-- TASK STATEMENT --
With the images removed, return every line below exactly as it reads.

-- COLLECTED MATERIAL --

::::::

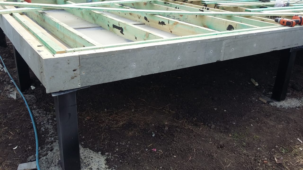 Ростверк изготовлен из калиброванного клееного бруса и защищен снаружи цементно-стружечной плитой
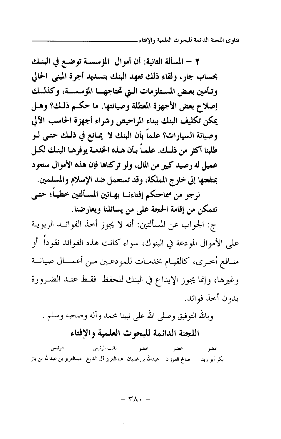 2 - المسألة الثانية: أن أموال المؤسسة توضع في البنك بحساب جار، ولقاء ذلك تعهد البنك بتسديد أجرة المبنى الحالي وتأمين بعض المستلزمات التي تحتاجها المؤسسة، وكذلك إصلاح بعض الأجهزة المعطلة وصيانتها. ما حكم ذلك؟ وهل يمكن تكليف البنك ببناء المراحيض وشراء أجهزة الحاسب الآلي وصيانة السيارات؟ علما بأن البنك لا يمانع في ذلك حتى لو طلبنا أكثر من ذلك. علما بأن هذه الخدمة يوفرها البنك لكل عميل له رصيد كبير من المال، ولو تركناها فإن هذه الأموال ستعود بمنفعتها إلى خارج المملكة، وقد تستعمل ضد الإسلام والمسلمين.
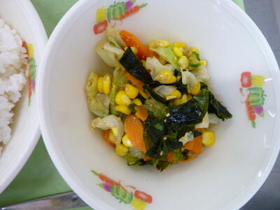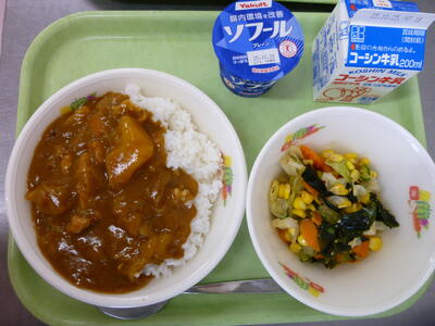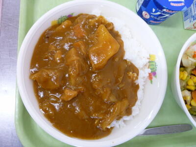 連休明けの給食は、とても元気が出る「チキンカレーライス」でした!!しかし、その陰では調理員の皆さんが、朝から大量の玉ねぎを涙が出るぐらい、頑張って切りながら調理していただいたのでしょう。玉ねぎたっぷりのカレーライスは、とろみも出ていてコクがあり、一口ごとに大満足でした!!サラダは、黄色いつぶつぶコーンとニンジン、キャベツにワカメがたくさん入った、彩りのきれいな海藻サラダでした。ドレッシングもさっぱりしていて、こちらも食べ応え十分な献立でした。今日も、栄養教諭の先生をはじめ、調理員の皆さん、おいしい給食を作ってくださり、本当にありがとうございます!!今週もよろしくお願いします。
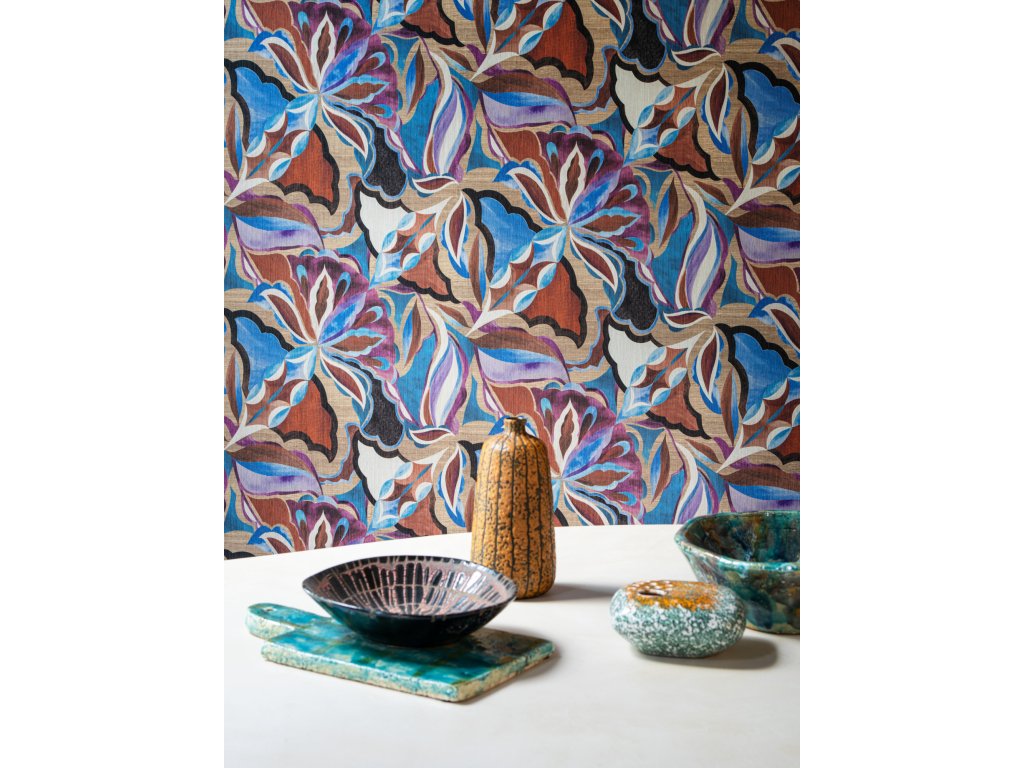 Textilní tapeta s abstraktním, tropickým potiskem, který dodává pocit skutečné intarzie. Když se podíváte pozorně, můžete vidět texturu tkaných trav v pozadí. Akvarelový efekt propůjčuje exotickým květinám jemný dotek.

::::::

-- COMPLETED TASK --
 Ростверк изготовлен из калиброванного клееного бруса и защищен снаружи цементно-стружечной плитой
 2 - المسألة الثانية: أن أموال المؤسسة توضع في البنك بحساب جار، ولقاء ذلك تعهد البنك بتسديد أجرة المبنى الحالي وتأمين بعض المستلزمات التي تحتاجها المؤسسة، وكذلك إصلاح بعض الأجهزة المعطلة وصيانتها. ما حكم ذلك؟ وهل يمكن تكليف البنك ببناء المراحيض وشراء أجهزة الحاسب الآلي وصيانة السيارات؟ علما بأن البنك لا يمانع في ذلك حتى لو طلبنا أكثر من ذلك. علما بأن هذه الخدمة يوفرها البنك لكل عميل له رصيد كبير من المال، ولو تركناها فإن هذه الأموال ستعود بمنفعتها إلى خارج المملكة، وقد تستعمل ضد الإسلام والمسلمين.
 連休明けの給食は、とても元気が出る「チキンカレーライス」でした!!しかし、その陰では調理員の皆さんが、朝から大量の玉ねぎを涙が出るぐらい、頑張って切りながら調理していただいたのでしょう。玉ねぎたっぷりのカレーライスは、とろみも出ていてコクがあり、一口ごとに大満足でした!!サラダは、黄色いつぶつぶコーンとニンジン、キャベツにワカメがたくさん入った、彩りのきれいな海藻サラダでした。ドレッシングもさっぱりしていて、こちらも食べ応え十分な献立でした。今日も、栄養教諭の先生をはじめ、調理員の皆さん、おいしい給食を作ってくださり、本当にありがとうございます!!今週もよろしくお願いします。
 Textilní tapeta s abstraktním, tropickým potiskem, který dodává pocit skutečné intarzie. Když se podíváte pozorně, můžete vidět texturu tkaných trav v pozadí. Akvarelový efekt propůjčuje exotickým květinám jemný dotek.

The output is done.